Physical Reservoir Computing Enabled by Solitary Waves and Biologically-Inspired Nonlinear Transformation of Input Data
Ivan S. Maksymov
TL;DR
This work addresses the need for energy-efficient, hardware-friendly reservoir computing by substituting random reservoirs with a biologically-inspired nonlinear input transformation realized through solitary-like waves on a flowing liquid film. The authors build a low-cost Arduino-based prototype that uses SL waves to encode input data as a nonlinear functional, enabling generative-mode RC without explicit feedback. The approach forecasts Mackey–Glass time series with shorter training and demonstrates competitive, if not superior, performance compared to traditional RC on a high-performance computer, while consuming far less power and cost. This fluid-based neuromorphic platform points toward bio-inspired, energy-efficient hardware variants of reservoir computing and potential bio-fluidic neural interfaces.
Abstract
Reservoir computing (RC) systems can efficiently forecast chaotic time series using nonlinear dynamical properties of an artificial neural network of random connections. The versatility of RC systems has motivated further research on both hardware counterparts of traditional RC algorithms and more efficient RC-like schemes.

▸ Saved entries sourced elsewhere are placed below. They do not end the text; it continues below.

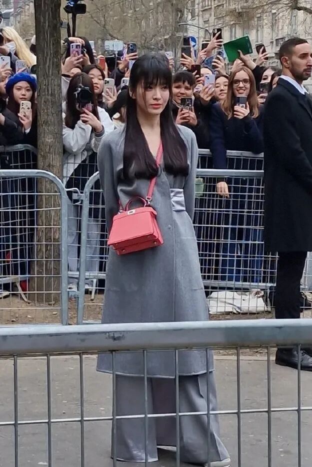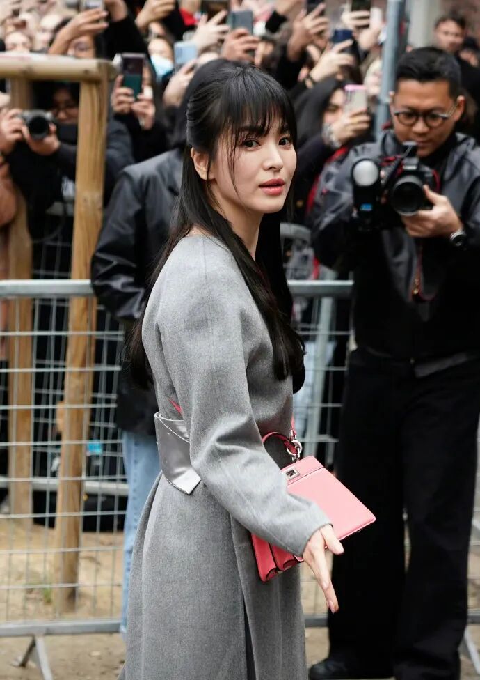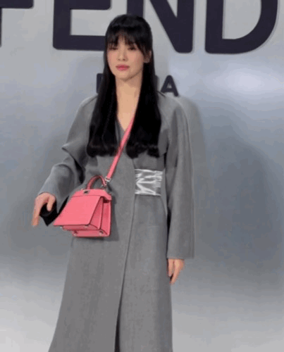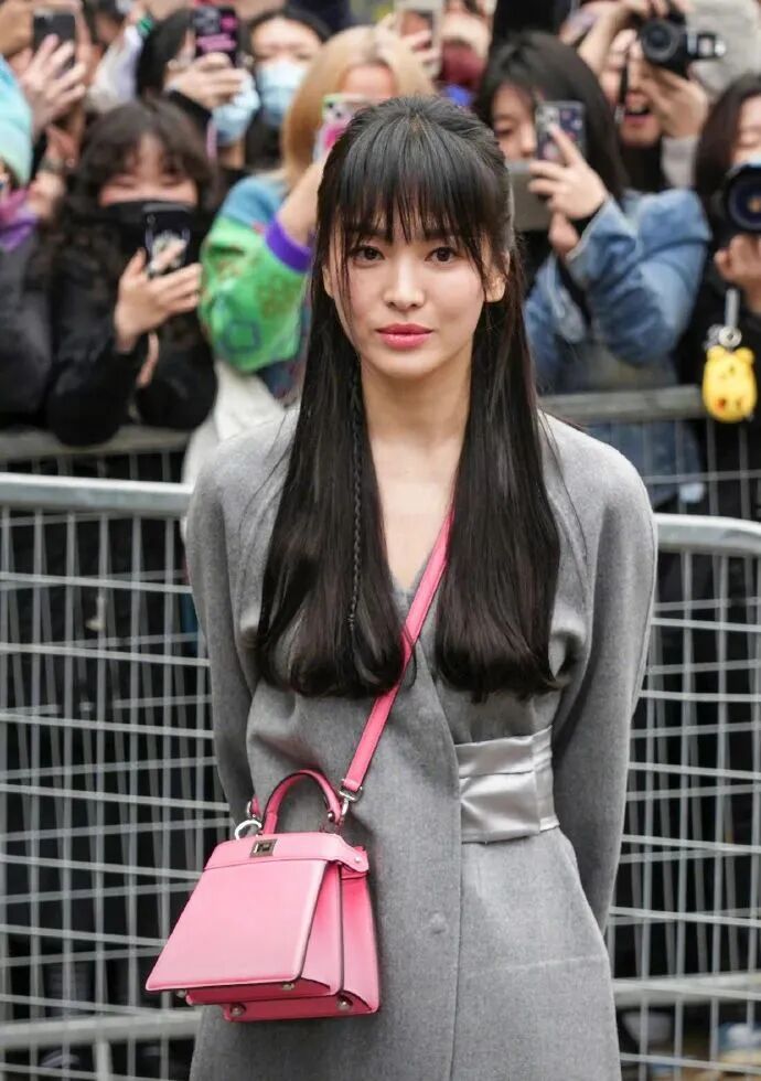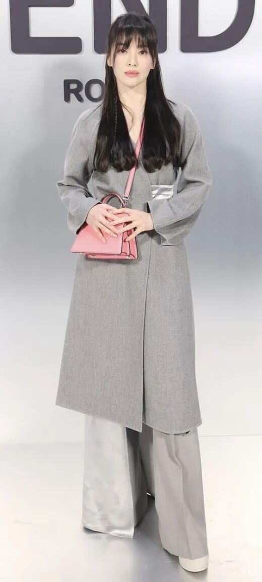 最近,宋慧喬亮相 Fendi 秀場,灰色大衣搭配芭比粉小包,一頭黑長直半扎發,顯得溫婉十足。
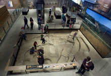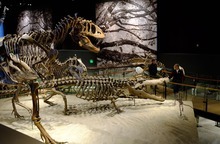 There is nothing lifeless in the way these bones are displayed. Even by contemporary museum standards, the gallery's largest exhibit is striking for its energy, depicting a life and death struggle between a 90-foot barosaurus and a pack of juvenile allosaurs. It's a perfect example of the museum's goal to be scientifically accurate while creating a sense of drama.
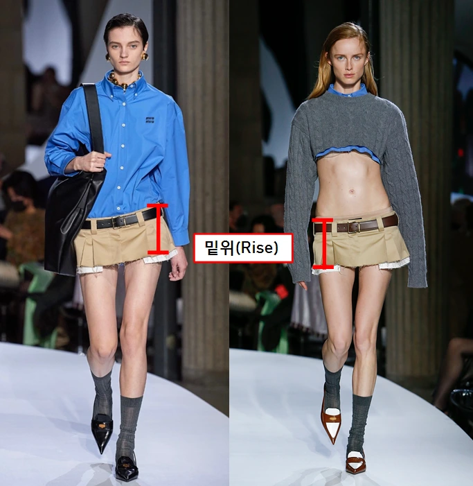 *밑위(Rise)란 허리선부터 가랑이까지 길이를 의미. 따라서 Low Rise는 그 길이가 짧고, High Rise는 그 길이가 길며, Hight Waist 라고도 지칭
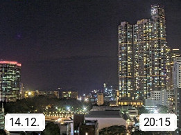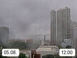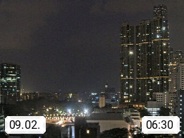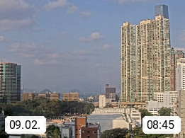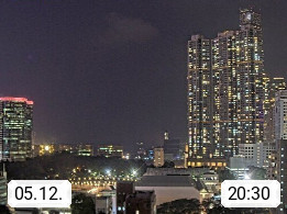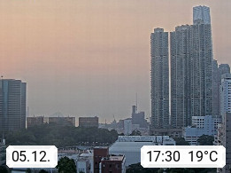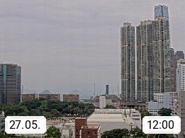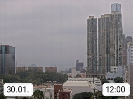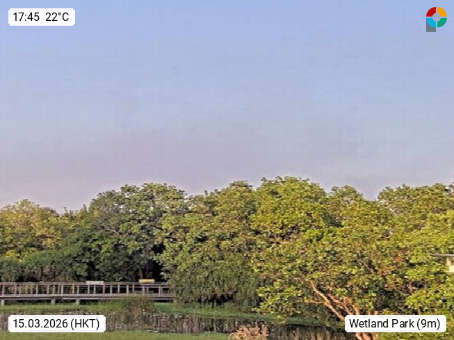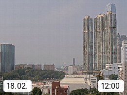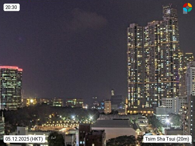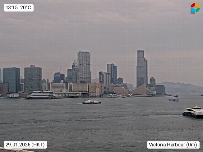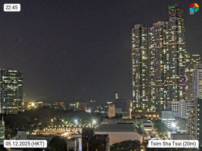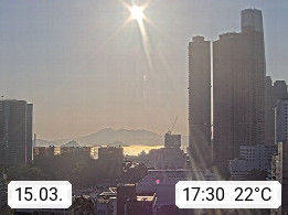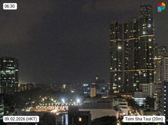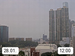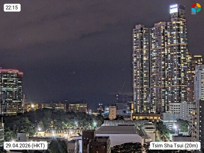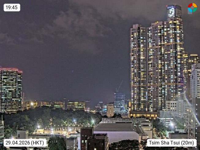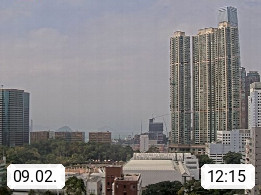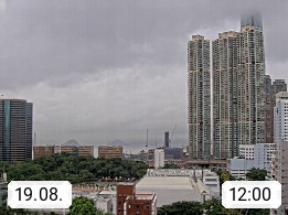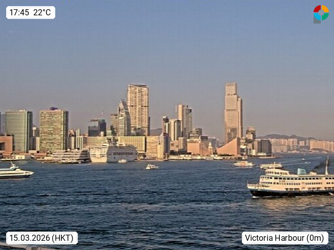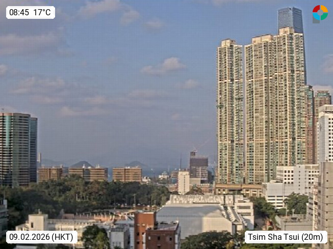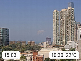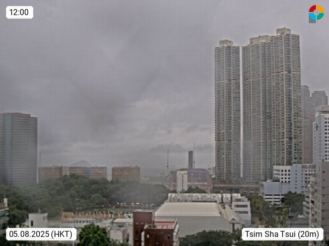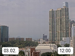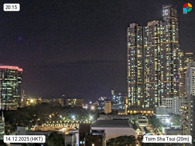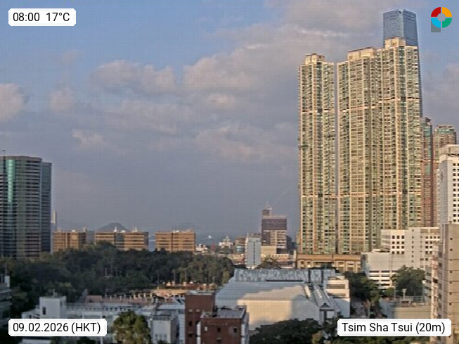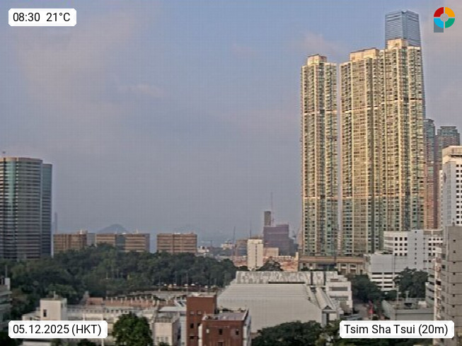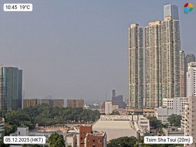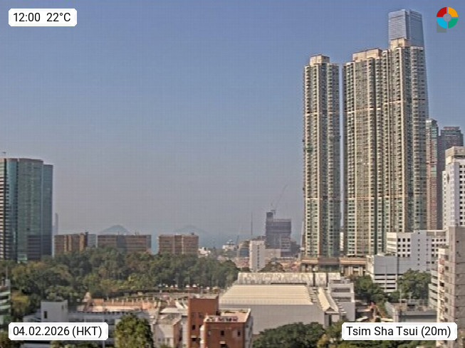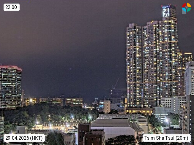 Hongkong 2.755 km² seit 1997 Hong Kong Special Administrative Region of the People Republic of China, eine Sonderverwaltungszone an der Südküste der Volksrepublik China. Hongkong liegt an der Mündung des Perlflusses in das südchinesische Meer und erstreckt sich über eine Halbinsel und rund 260 dazu gehörenden Inseln. Hongkong ist hinsichtlich der Bevölkerungszahl mit rund 7 Mio Einwohnern die drittgrößte Metropolregion der Volksrepublik China. Blick vom Bürogebäude des Wetterdienstes in Honkong Richtung Westen, von links beginnend, Kowloon Park, Green Island, Kau Yi Chau, und im Hintergrund den Sunset Peak. Präsentiert von https://www.hko.gov.hk/.
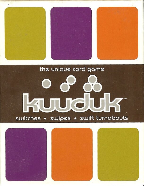 In the game of kuuduk, the object is to be the first player to spell out the word k-u-u-d-u-k by laying down 6 lettered cards, connecting them by color or by number. Simple enough, right? Don't be too sure! As the game progresses, the frenzy builds as players turn on one another discarding switch and swipe cards. No play is ever safe, because in kuuduk...

Inspired by the nonlinear processes in a living biological brain and using solitary waves excited on the surface of a flowing liquid film, in this paper we experimentally validate a physical RC system that substitutes the effect of randomness for a nonlinear transformation of input data. Carrying out all operations using a microcontroller with a minimal computational power, we demonstrate that the so-designed RC system serves as a technically simple hardware counterpart to the `next-generation' improvement of the traditional RC algorithm.